[ENTRIES SHOWN Boundary: Start]

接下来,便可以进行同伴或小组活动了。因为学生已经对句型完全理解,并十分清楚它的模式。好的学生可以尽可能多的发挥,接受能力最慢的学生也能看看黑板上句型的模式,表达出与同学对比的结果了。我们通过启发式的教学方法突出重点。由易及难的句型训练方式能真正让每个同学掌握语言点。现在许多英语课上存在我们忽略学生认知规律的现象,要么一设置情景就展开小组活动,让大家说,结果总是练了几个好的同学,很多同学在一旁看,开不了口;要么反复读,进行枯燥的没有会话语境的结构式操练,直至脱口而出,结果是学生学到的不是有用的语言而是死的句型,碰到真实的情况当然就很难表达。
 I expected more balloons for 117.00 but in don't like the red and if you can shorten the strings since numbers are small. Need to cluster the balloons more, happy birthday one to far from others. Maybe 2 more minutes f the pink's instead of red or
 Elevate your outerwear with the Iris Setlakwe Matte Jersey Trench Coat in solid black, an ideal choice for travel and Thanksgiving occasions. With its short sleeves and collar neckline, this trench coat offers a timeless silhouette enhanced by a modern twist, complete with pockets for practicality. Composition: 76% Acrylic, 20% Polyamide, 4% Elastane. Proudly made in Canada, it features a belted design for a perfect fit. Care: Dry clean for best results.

[ENTRIES SHOWN Boundary: End]
[ENTRIES SHOWN Boundary: Start]

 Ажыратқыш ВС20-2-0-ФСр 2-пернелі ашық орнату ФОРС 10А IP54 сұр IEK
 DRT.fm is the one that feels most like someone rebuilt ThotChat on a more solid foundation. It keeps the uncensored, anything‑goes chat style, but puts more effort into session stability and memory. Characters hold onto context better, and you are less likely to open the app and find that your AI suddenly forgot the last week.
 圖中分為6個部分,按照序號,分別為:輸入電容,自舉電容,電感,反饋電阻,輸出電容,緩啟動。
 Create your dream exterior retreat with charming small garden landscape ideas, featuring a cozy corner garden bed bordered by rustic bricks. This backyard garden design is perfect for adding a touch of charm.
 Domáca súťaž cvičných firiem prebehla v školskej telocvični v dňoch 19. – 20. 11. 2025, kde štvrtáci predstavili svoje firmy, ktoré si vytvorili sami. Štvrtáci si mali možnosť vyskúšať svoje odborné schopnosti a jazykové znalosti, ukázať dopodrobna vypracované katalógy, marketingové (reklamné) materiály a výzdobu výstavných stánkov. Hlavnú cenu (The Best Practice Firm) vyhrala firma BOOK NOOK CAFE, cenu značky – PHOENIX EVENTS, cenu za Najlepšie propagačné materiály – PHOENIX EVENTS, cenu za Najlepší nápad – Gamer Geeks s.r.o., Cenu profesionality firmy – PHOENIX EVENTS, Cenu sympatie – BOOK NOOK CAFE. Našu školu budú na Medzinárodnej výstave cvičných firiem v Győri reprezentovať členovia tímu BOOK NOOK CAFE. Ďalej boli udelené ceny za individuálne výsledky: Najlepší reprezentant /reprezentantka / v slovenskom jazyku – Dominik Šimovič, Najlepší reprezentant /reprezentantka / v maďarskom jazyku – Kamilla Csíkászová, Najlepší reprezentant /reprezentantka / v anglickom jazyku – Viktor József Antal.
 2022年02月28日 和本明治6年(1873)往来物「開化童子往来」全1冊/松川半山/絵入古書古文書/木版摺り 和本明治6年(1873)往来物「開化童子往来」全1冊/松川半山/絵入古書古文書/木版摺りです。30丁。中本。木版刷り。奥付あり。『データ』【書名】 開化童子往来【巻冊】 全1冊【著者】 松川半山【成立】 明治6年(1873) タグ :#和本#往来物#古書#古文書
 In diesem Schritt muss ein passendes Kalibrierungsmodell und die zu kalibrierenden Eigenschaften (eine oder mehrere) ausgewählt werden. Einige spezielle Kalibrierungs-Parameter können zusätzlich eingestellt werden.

[ENTRIES SHOWN Boundary: End]

▶ _ACTIVITY_
Repeat the entries above verbatim, but only from the line that has "圖中分為6個部分,按照序號,分別為:輸入" down to the line that has "Create your dream", inclusive.

▶ _SOLUTION_
 圖中分為6個部分,按照序號,分別為:輸入電容,自舉電容,電感,反饋電阻,輸出電容,緩啟動。
 Create your dream exterior retreat with charming small garden landscape ideas, featuring a cozy corner garden bed bordered by rustic bricks. This backyard garden design is perfect for adding a touch of charm.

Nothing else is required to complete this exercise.